What you are asked to do: Produce a word-for-word copy of the listing below without its pictures.

Provided material:

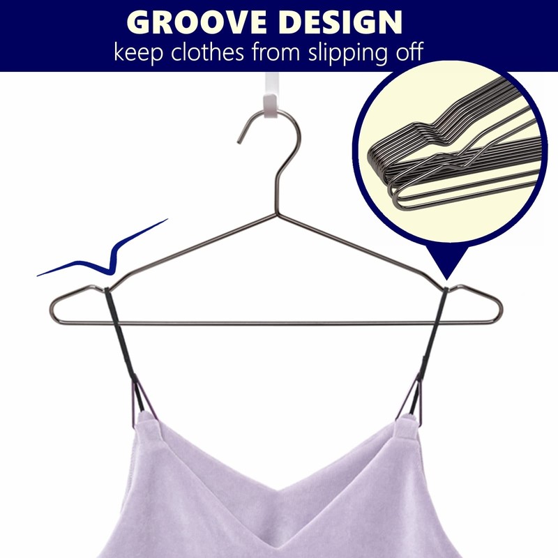 - 【Bilateral Notches】Convenient V-shape notches along the hanger shoulder allow you to effortlessly hang thin strappy camisoles, nightgowns and slip dress, prevents clothing from falling.
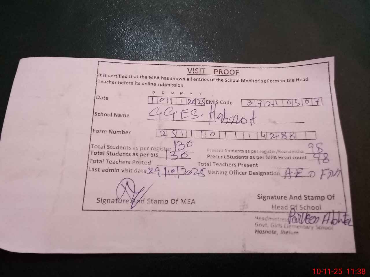| Attendance Register | Head Teacher | MEA with School | Visit Proof |
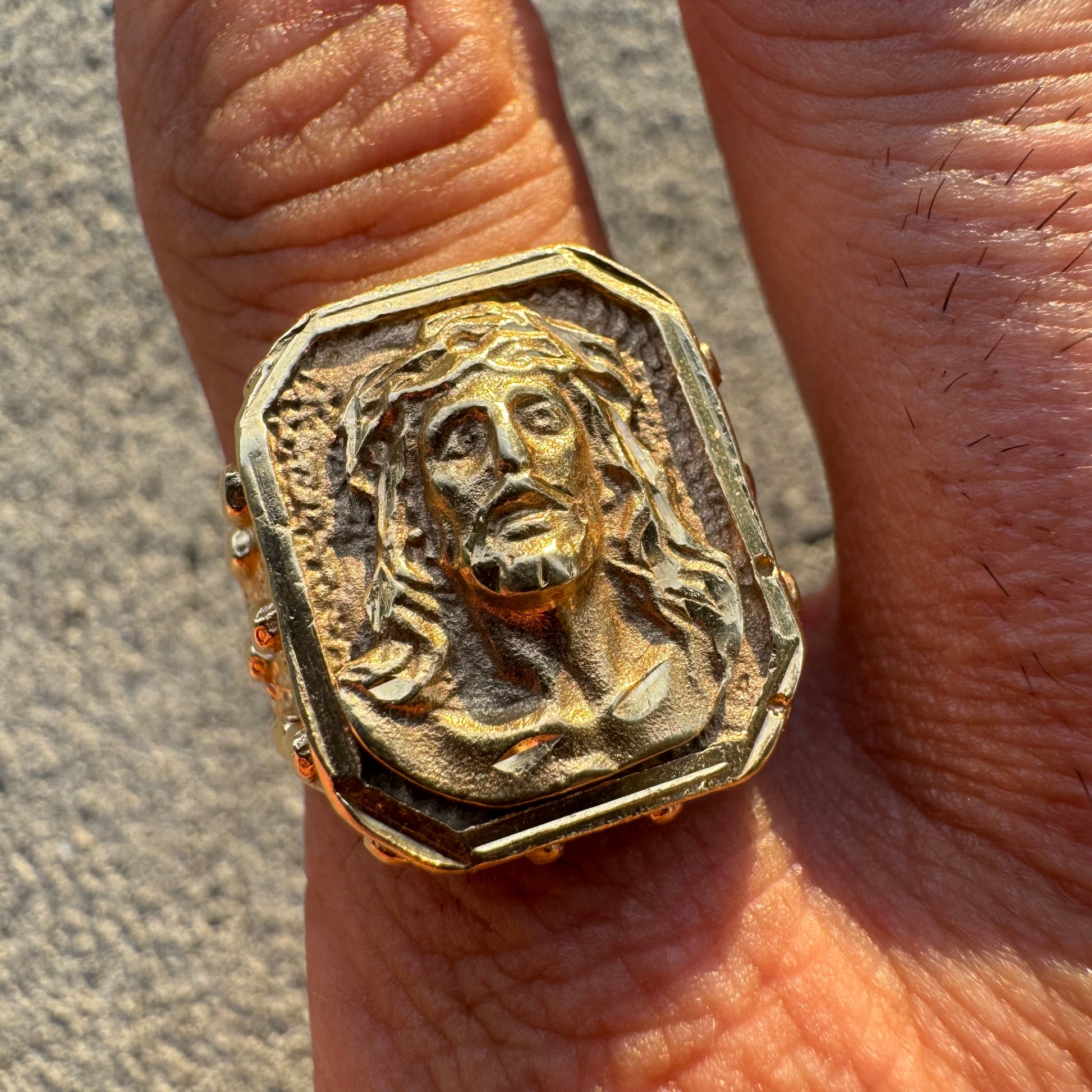 1980’s 14k Yellow Gold Jesus Piece Signet Ring (13)

Reply to the task:
 - 【Bilateral Notches】Convenient V-shape notches along the hanger shoulder allow you to effortlessly hang thin strappy camisoles, nightgowns and slip dress, prevents clothing from falling.
| Attendance Register | Head Teacher | MEA with School | Visit Proof |
 1980’s 14k Yellow Gold Jesus Piece Signet Ring (13)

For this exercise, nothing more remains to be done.